Avery. Dat was mijn naam, mijn echte naam. Want samen met mij broer, Josh, vormden we de laatste kleine verzetgroep op aarde. De rest van de mensen was al overgenomen door buitenaardse wezens. Zielen, zo noemden ze zichzelf. Onze ouders waren omgekomen bij een auto-ongeluk toen we nog klein waren, ze werden van de weg gereden door een dronken chauffeur. Belachelijk hoe dat toen het einde van de wereld leek voor ons, nu zou ik nog liever sterven dan bezeten worden door een ziel. Nooit zou ik een gastlichaam worden en mijn kleine broer in gevaar brengen. Nooit zou ik gevangen willen zitten in mijn eigen lichaam, zonder de mogelijkheid om zelf te denken en te handelen. Het idee alleen al vond ik weerzinwekkend, ik rilde ervan. Of was dat van de wind die door onze beschutting waaide?
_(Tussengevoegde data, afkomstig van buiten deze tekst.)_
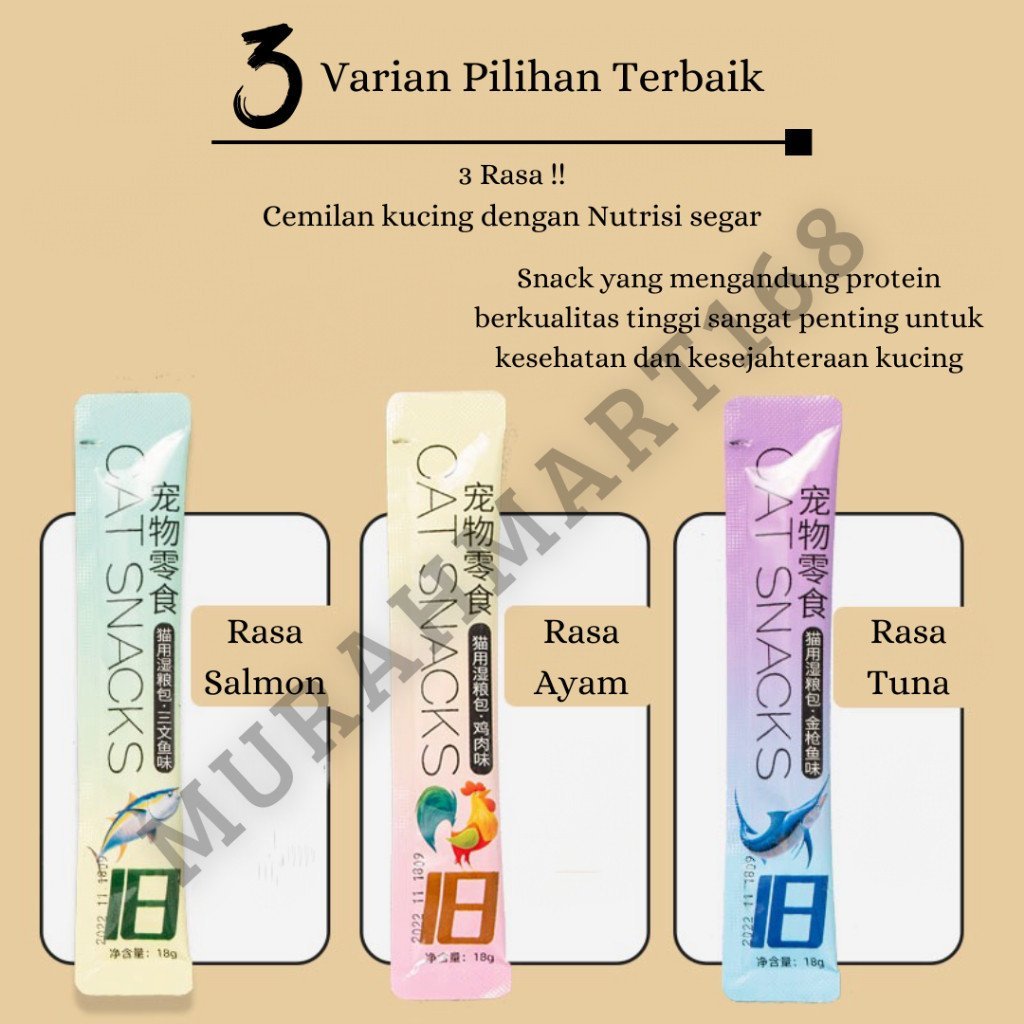 Snack kucing basah ini adalah camilan favorit kucing yang terbuat dari 100% daging asli. Diformulasikan untuk memenuhi kebutuhan nutrisi anabul, serta membantu meningkatkan nafsu makan kucing kesayangan Anda.
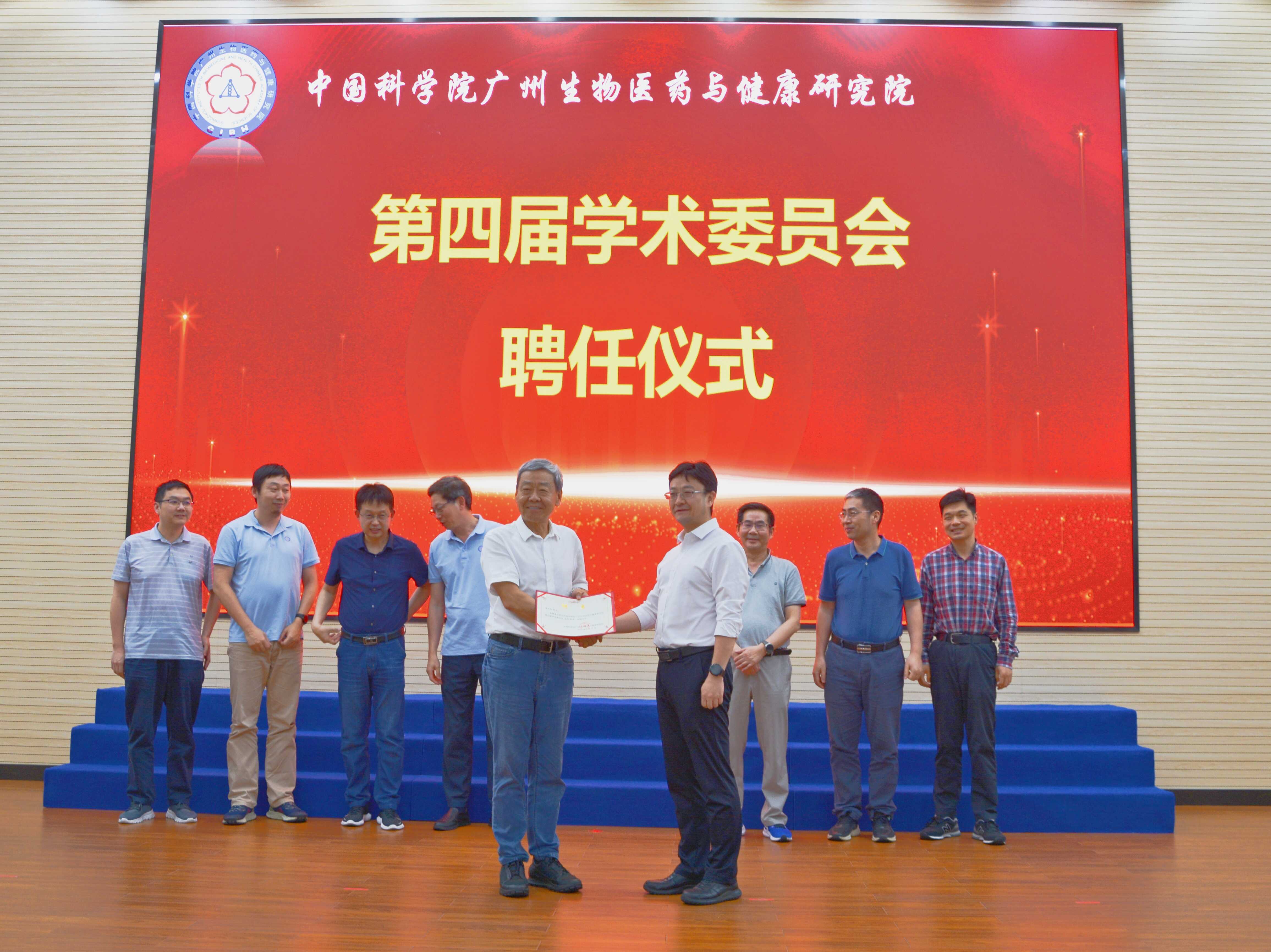 2024年5月31日下午,廣州健康院第四屆學(xué)術(shù)委員會第一次全體會議暨學(xué)術(shù)委員會委員聘任儀式,學(xué)術(shù)委員會主任饒子和院士出席,孫飛副院長(主持工作)為學(xué)術(shù)委員會委員頒發(fā)聘書并合影,黨委副書記、紀(jì)委書記徐海主持聘任儀式。

Ik voelde hoe Josh begon te woelen naast mij en gaf hem de rest van het deken. Voor een 10-jarige jongen had hij al veel meegemaakt en was hij erg sterk. Hij kon goed vissen en dat zou ons enorm helpen als we toegang tot een rivier hadden gehad…Maar dat hadden we niet, we sliepen tussen de struiken zodat niemand ons zou kunnen vinden. Morgen zou ik opzoek moeten gaan naar een betere schuilplaats, veiliger, meer beschutting, comfortabeler…En eten moest ik ook nog zoeken, onze voorraad was erg uitgedund na de griep die Josh had opgelopen. Zonder medicijnen, goed eten en een warm bed had het er niet goed uitgezien voor hem. Wonder boven wonder begon hij stilaan te genezen, hopelijk was hij morgen sterk genoeg om onze toch verder te zetten. De hoop op het vinden van onze bestemming had ik al opgegeven, maar Josh zag altijd alles langs de positieve kant en vond dat we moesten verder zoeken.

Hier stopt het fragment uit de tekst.